START Data segment

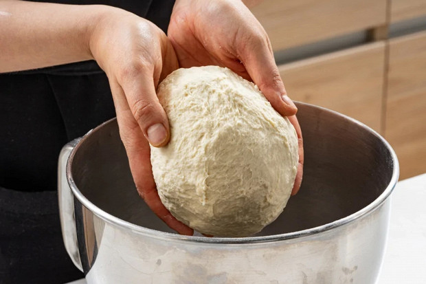 Сформируйте из теста шар и положите в миску, смазанную оливковым маслом. Накройте миску пленкой или влажным полотенцем и оставьте тесто подходить в теплом месте на 1,5–2 часа.
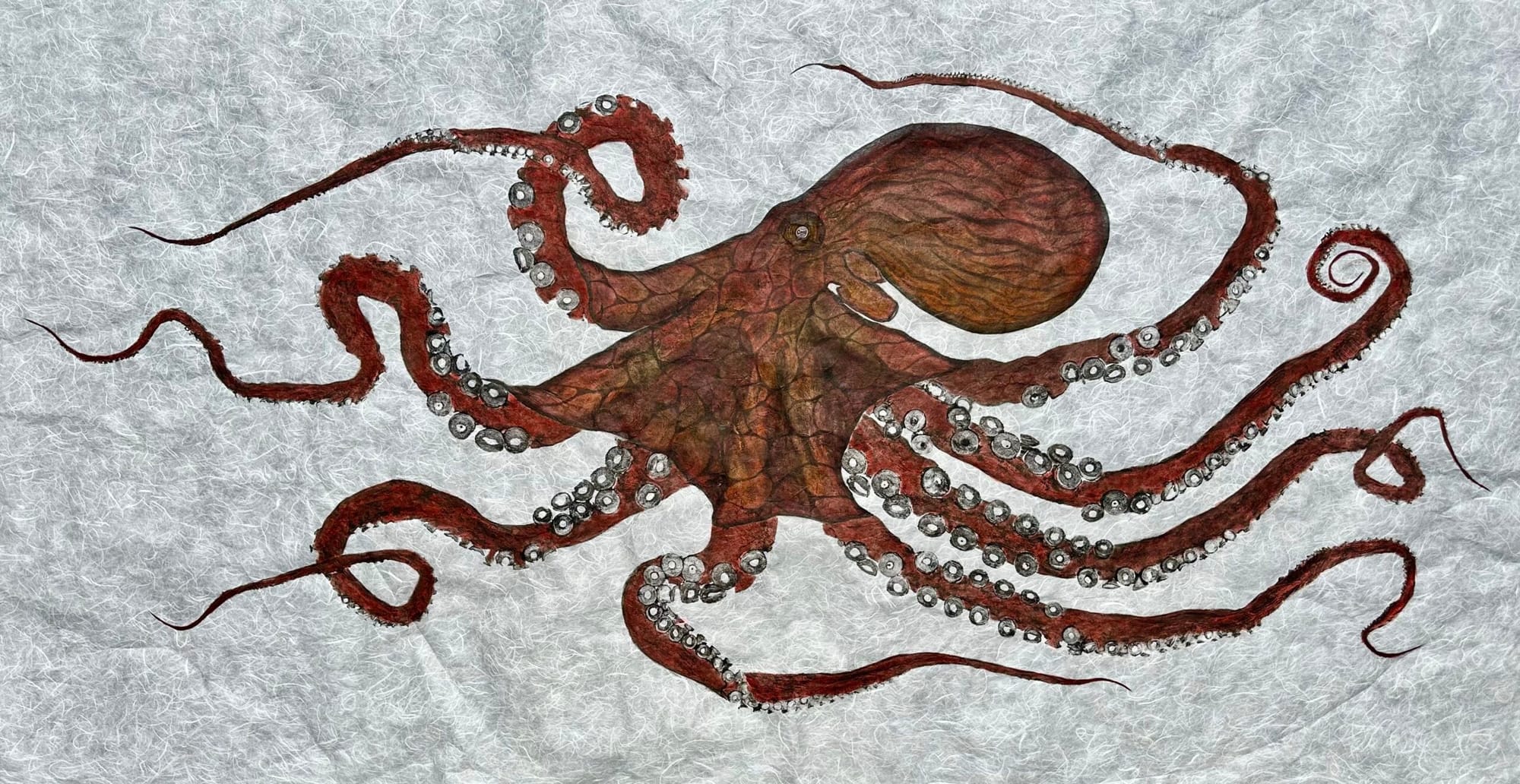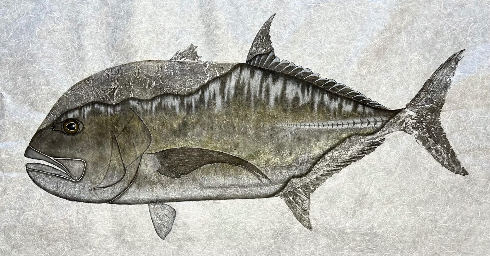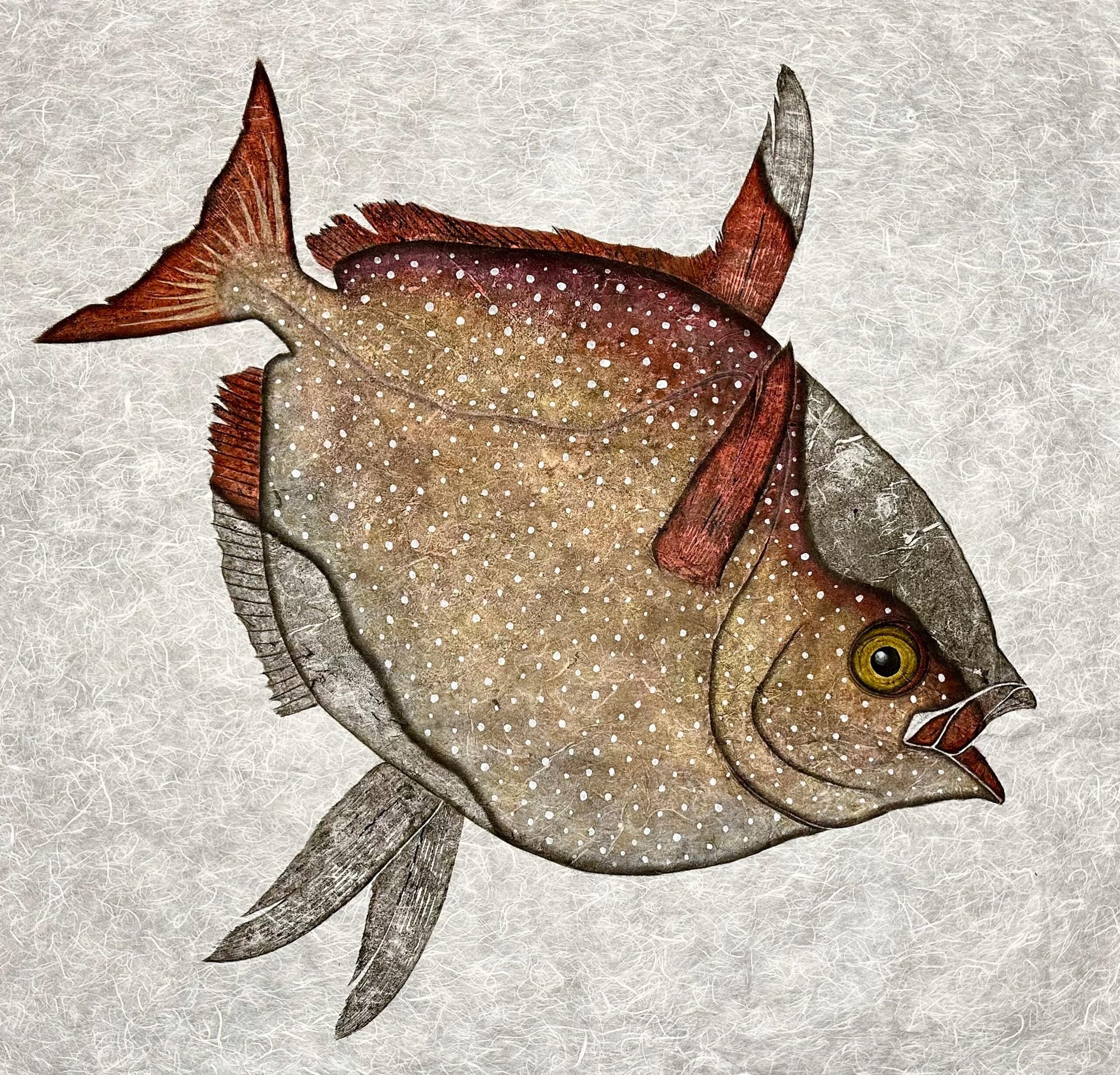 “Makai” comes from Hawai’i and translates as “by the sea.” Nonaka labelled his work “Impressions from by the Sea” as the perfect way to encapsulate how his prints capture raw and unfiltered marine life from his home in Hawai’i. Brandon was born and raised in Hilo, Hawai’i a small quiet town where he spent most of his childhood with his avid fisherman father. He considers fishing, spear-diving and various ocean activities a common part of childhood in Hawai’i. After he was introduced to Gyotaku, he saw it as the perfect way to preserve marine life and fond memories of life in Hawai’i forever.
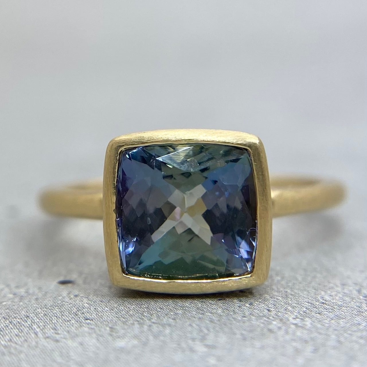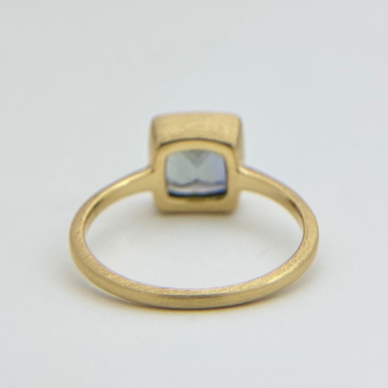 青と緑のグラデーションを地金で包み込み、リングに仕上げることでバイカラーゾイサイトの色味を指先で感じることができます。

END Data segment

→ Exercise aim
Please output the listing above in full, exactly as given, without its images.

→ Task response
 Сформируйте из теста шар и положите в миску, смазанную оливковым маслом. Накройте миску пленкой или влажным полотенцем и оставьте тесто подходить в теплом месте на 1,5–2 часа.
 “Makai” comes from Hawai’i and translates as “by the sea.” Nonaka labelled his work “Impressions from by the Sea” as the perfect way to encapsulate how his prints capture raw and unfiltered marine life from his home in Hawai’i. Brandon was born and raised in Hilo, Hawai’i a small quiet town where he spent most of his childhood with his avid fisherman father. He considers fishing, spear-diving and various ocean activities a common part of childhood in Hawai’i. After he was introduced to Gyotaku, he saw it as the perfect way to preserve marine life and fond memories of life in Hawai’i forever.
 青と緑のグラデーションを地金で包み込み、リングに仕上げることでバイカラーゾイサイトの色味を指先で感じることができます。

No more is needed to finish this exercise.